Simulation snapshot representing the hydrated clay-like nanoparticle aggregates that we used as a starting system to study the effects of dewatering and water content on aggregate structure (A). Simulation snapshots showing the effect of ‘fast’ (B) and ‘slow’ (C) dewatering rate on dry aggregate structures. Comparison of particle orientations (D) and the stacking of particles (E) under different dewatering rate. Insets (i) and (ii) illustrate stacks of 3 and 4 nanoparticles, respectively.

Impacts of dewatering rate and water content on nano-structural properties of aggregates

In Fig. 2A we summarize the effect of dewatering rate on the pore size distribution (PSD) calculated for clay-like nanoparticle aggregates. The PSD was calculated by using the method proposed by Gubbins et al.38. The results indicate that the PSD varies significantly depending on the dewatering process. ‘Fast’ dewatering (black line-Fig. 2A) yields a wider PSD with larger pores developed, compared to slower dewatering. For ‘fast’ dewatering, the pores in the aggregate include micropores (<2 nm39) and mesopores (2–50 nm39); for the ‘intermediate’ and ‘slow’ dewatering processes, only micropores are formed. One possible explanation for this difference is that under fast dewatering and compaction, nanoparticles do not have enough time to rearrange themselves into a large stack, which would result in larger pores in the aggregate structure.

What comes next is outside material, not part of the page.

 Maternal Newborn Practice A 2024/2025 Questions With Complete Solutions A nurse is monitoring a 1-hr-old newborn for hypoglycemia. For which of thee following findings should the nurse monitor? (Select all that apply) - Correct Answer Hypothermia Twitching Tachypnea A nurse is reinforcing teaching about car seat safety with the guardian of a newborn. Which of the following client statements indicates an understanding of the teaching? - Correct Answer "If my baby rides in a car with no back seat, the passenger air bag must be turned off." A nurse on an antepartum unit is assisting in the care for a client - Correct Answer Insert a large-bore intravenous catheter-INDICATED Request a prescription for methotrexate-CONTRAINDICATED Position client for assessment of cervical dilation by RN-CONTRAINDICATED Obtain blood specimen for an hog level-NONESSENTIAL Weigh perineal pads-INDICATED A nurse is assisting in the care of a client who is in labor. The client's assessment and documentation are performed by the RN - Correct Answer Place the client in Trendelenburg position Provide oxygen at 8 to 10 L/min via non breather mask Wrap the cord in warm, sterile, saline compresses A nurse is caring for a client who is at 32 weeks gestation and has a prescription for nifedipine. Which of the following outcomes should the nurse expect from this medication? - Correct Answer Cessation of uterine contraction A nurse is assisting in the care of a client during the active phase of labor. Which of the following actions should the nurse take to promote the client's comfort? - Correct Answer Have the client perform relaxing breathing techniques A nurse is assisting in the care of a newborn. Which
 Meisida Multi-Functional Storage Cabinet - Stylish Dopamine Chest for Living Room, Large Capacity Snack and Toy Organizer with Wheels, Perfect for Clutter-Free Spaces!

To study the effect of water content on the clay-like nano-aggregate, from the configuration of Fig. 1A different nanoparticle-water systems with various amounts of water were created. In the first system, all water molecules farther than 3 Å away from any nanoparticle were removed at the beginning of the simulation. This method created a nanoparticle-water system in which each particle is surrounded by a 3 Å water film (‘1 W’), and the total water content is 22.5 wt%. In the second system, each particle is surrounded by a 6 Å water film (‘2 W’), and the water content is 37.2 wt%. These systems were then compressed at P = 100 MPa, T = 300 K until an equilibrium state (i.e., constant volume) was achieved. The ‘1 W’ and ‘2 W’ cases represent the closed systems where water exchange with the surrounding environment does not occur. To explore the possibility that water can be expelled from the system during compression37, in a third system all water molecules that moved into a predefined region during the simulation of the ‘2 W’ system were extracted from the system (Method). Note that water molecules can only move into the predefined region if they can desorb from the nanoparticle surfaces and if there is pore connectivity. This extraction method was described in more detail in our previous study of methane release in kerogen nanopores40. This simulation was conducted for 89 ns, during which the water content was reduced from 37.2 wt% (i.e., that of ‘2 W’ system) to 6 wt%. The results obtained for this system are labeled as ‘2W_dewatering’. Note that after 89 ns, water molecules were still able to move to the predefined region but at a very slow rate (i.e., for the last 1 ns, only 13 water molecules were deleted). Assuming that all water molecules would eventually be expelled from the system, we deleted the remaining water molecules and continued compressing the simulation box. The results reported for this system are labeled as ‘2 W_dry’.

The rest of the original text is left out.